Instrument-Free Point-of-Care Diagnostic for Leishmania Parasites

Diagnostics (Basel). 2024 Dec 5;14(23):2744. doi: 10.3390/diagnostics14232744.

Abstract

Background/objective: Leishmaniasis is the second deadliest parasitic disease in the world, after malaria, with an estimated 1.6 million new cases each year. While cutaneous leishmaniasis can result in permanent scars from lesions after treatment, the mucocutaneous and visceral diseases can result in life-altering and life-threatening complications. Accurate species diagnosis is critical for treatment and follow-up, and while PCR-based diagnostics can provide sensitive parasite detection and species identification, they are slow, expensive, and not suitable for low-resource settings. In this publication, we describe our efforts to develop a simple, affordable, and instrument-free Leishmania DNA diagnostic that can be used in both high-tech settings and the field.

Methods: Computational biology was utilized to design region-targeted RPA oligos and the corresponding CRISPR guides for the detection of all Leishmania species as well as the specific identification of L. (V.) panamensis as a predictor of mucocutaneous disease. Then, we executed systematic approaches for parasite lysis, RPA amplification of DNA, and fluorescent CRISPR crRNA detection.

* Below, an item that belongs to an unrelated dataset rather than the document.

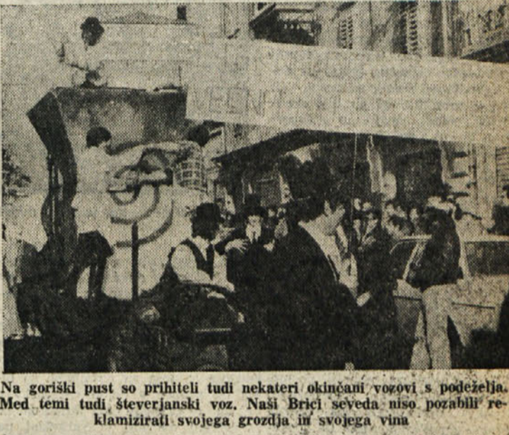
Na goriški pust so prihiteli tudi nekateri okrajni vozovi s podeljela. Med temi tudi števerjanski otroci in se pošteno pozabavali. Reklamirali svojega grozljiva in svojega vina

Results: We have demonstrated the ability to detect single-digit parasites without compromising the specificity in identifying single species as the proof of concept for a point-of-care diagnostic. Individual assays were carried out in succession, culminating in an unquenched fluorescent signal quantifiable over negative control.

Conclusions: The described work is the foundation which will be implemented into a three-track [all Leishmania, mucocutaneous or visceral only, and a human positive control] assay that we plan to utilize in a Funnel Adapted Sensing Tube (FAST) single use, instrument-free, and affordable diagnostic.

Keywords: instrument-free; leishmaniasis; neglected tropical disease; point-of-care diagnostics.

Grants and funding

This project was funded, in part, by the NIH SBIR Phase I contract 75N93023C00056.